*Work to complete*.
Please output all the entries word for word, without the pictures.

*Given information*.
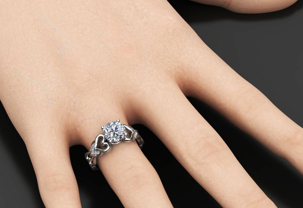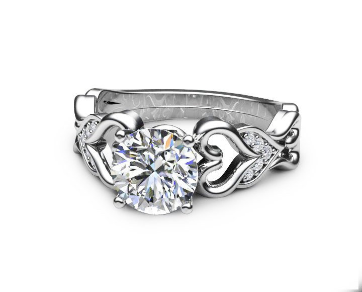 1.5ct Round Cut Diamond Engagement Ring 14k WhiteGold Finish Unique Heart Shaped
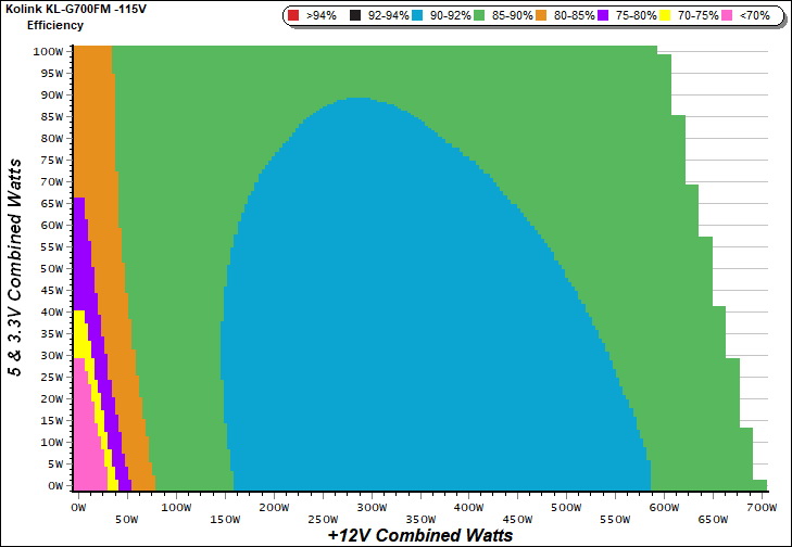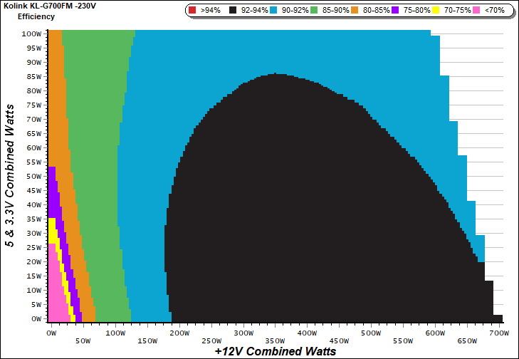 This graph depicts the PSU`s efficiency throughout its entire operational range. For the generation of the efficiency and noise graphs we set our loaders to auto mode through our custom-made software before trying thousands of possible load combinations.
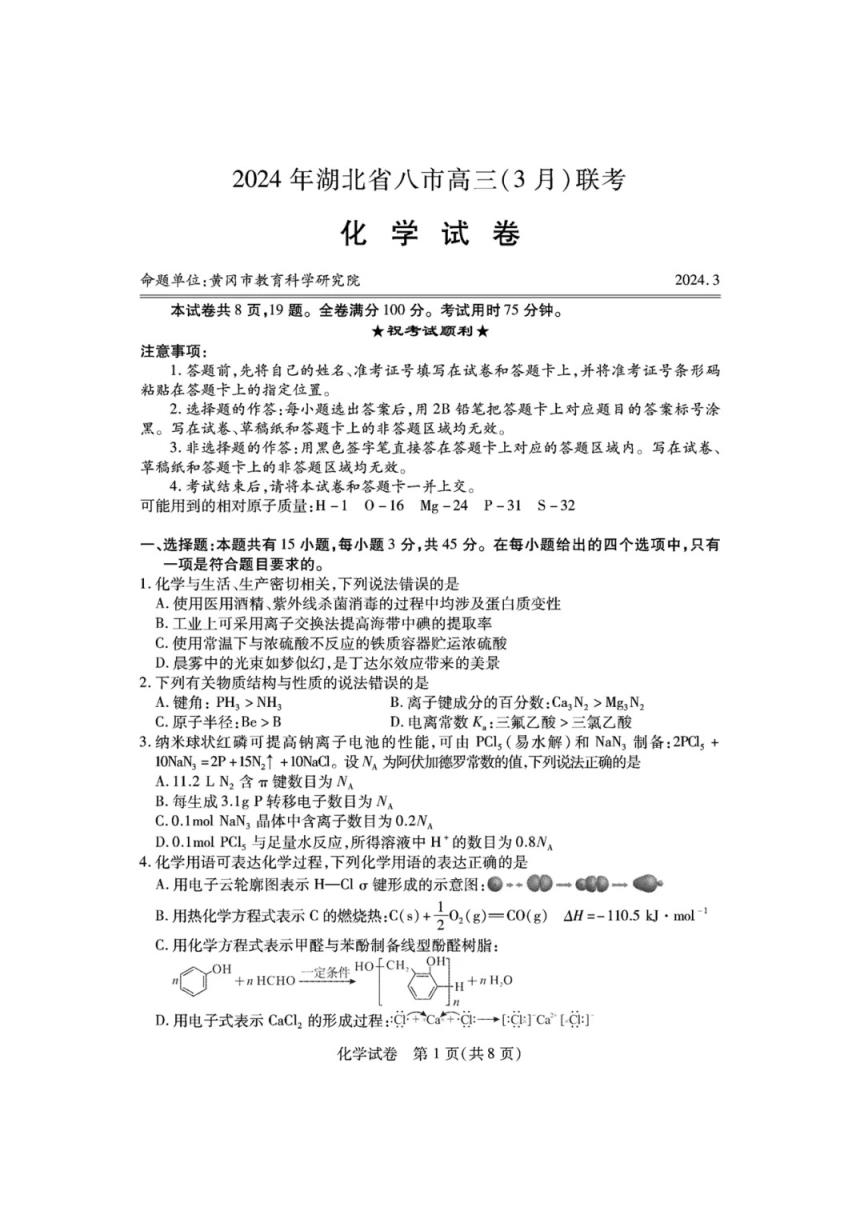 2024年湖北省八市聯(lián)考各科試卷及參考答案(高三九科全)
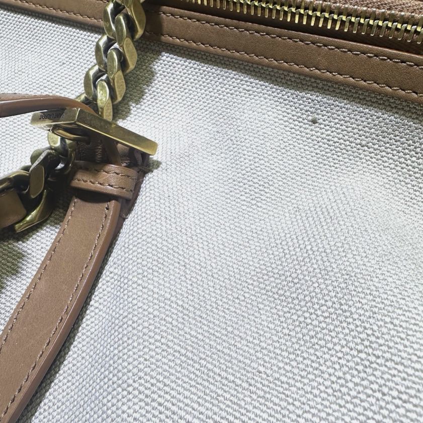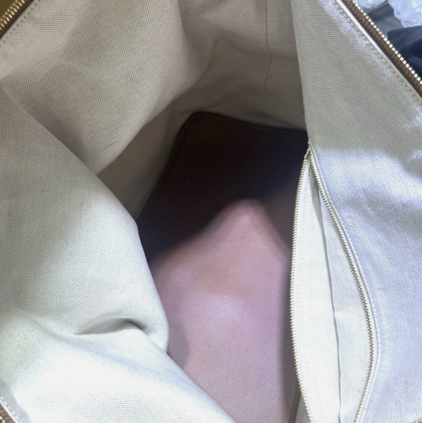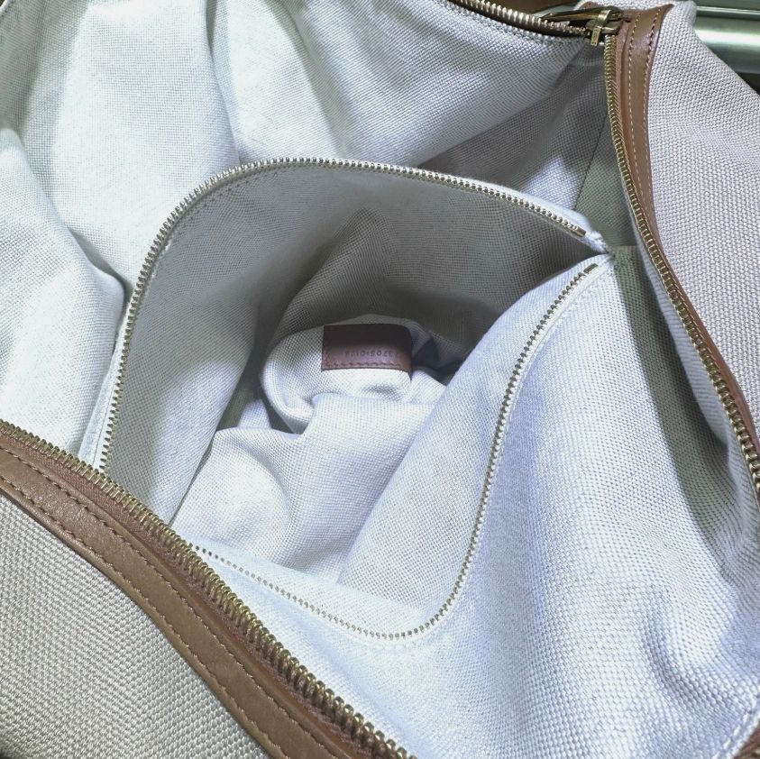 Condition: Preowned very good - very light wear. Bottom leather has some scratching from being set down. Outer material is clean with light evidence of use. inner material looks very clean. Check out photos.
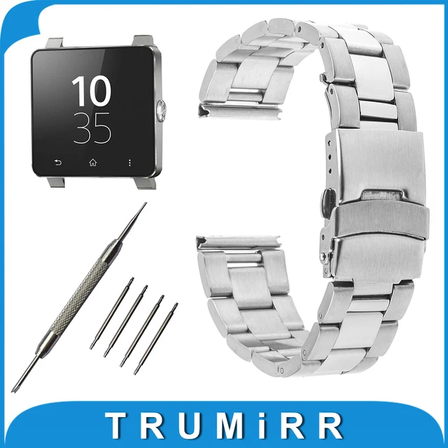 | [해외] 24 미리메터 스테인레스 스틸 시계 밴드 sony smartwatch 2 sw2 안전 버클 스트랩 손목 벨트 팔찌 블랙 실버 골드 + 봄 바 |
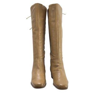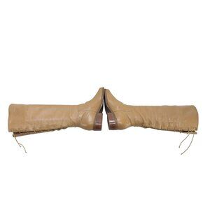 MARKON Women's Tan Leather Knee-High Boots Lace-Up Back Low Heel Size
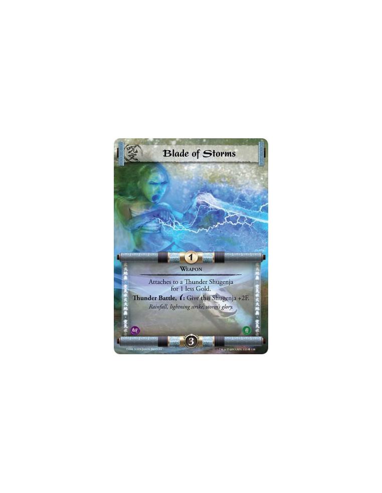 Blade of Storms FULL BLEED  - Thunder • Weapon  Attaches to a Thunder Shugenja for 1 less Gold.Thunder Battle, w: Give this Shug
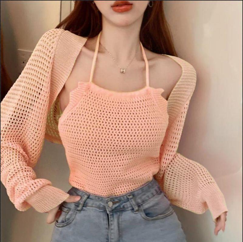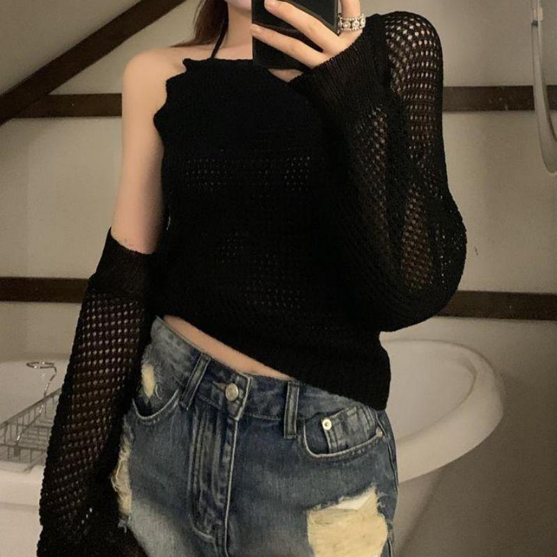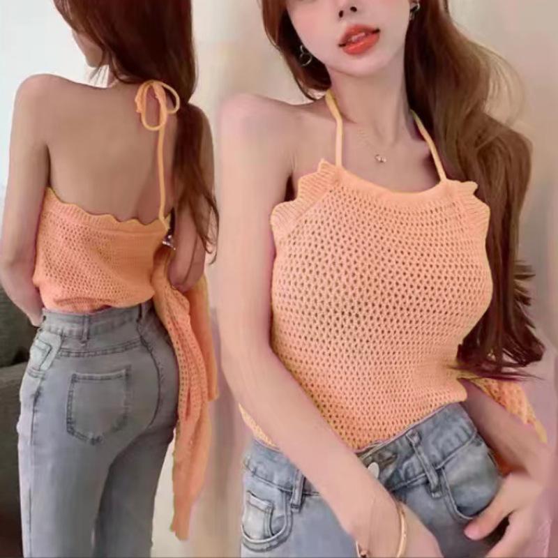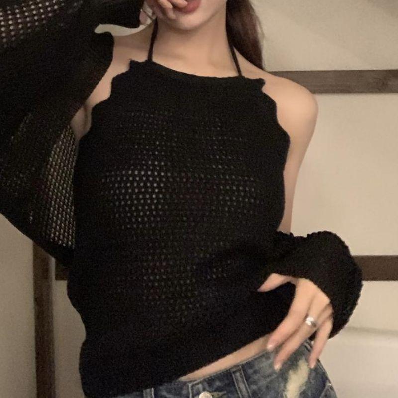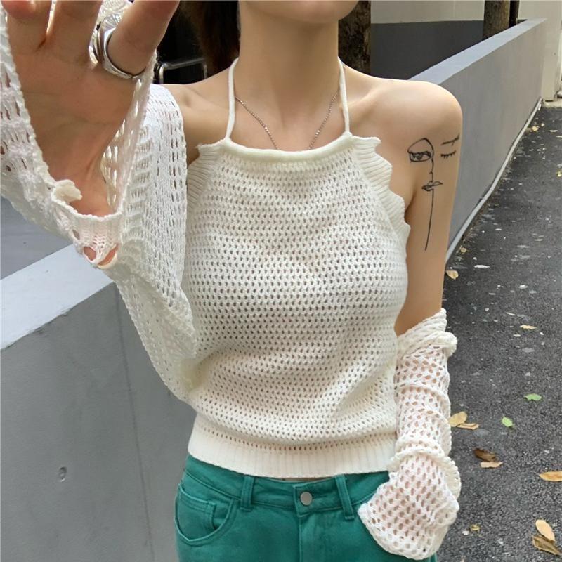 Compra Camisola de punto con cuello halter y abertura interior para mujer, estilo Spice Girl, 2023 al por mayor en Joom.pro

*Worked solution*.
 1.5ct Round Cut Diamond Engagement Ring 14k WhiteGold Finish Unique Heart Shaped
 This graph depicts the PSU`s efficiency throughout its entire operational range. For the generation of the efficiency and noise graphs we set our loaders to auto mode through our custom-made software before trying thousands of possible load combinations.
 2024年湖北省八市聯(lián)考各科試卷及參考答案(高三九科全)
 Condition: Preowned very good - very light wear. Bottom leather has some scratching from being set down. Outer material is clean with light evidence of use. inner material looks very clean. Check out photos.
 | [해외] 24 미리메터 스테인레스 스틸 시계 밴드 sony smartwatch 2 sw2 안전 버클 스트랩 손목 벨트 팔찌 블랙 실버 골드 + 봄 바 |
 MARKON Women's Tan Leather Knee-High Boots Lace-Up Back Low Heel Size
 Blade of Storms FULL BLEED  - Thunder • Weapon  Attaches to a Thunder Shugenja for 1 less Gold.Thunder Battle, w: Give this Shug
 Compra Camisola de punto con cuello halter y abertura interior para mujer, estilo Spice Girl, 2023 al por mayor en Joom.pro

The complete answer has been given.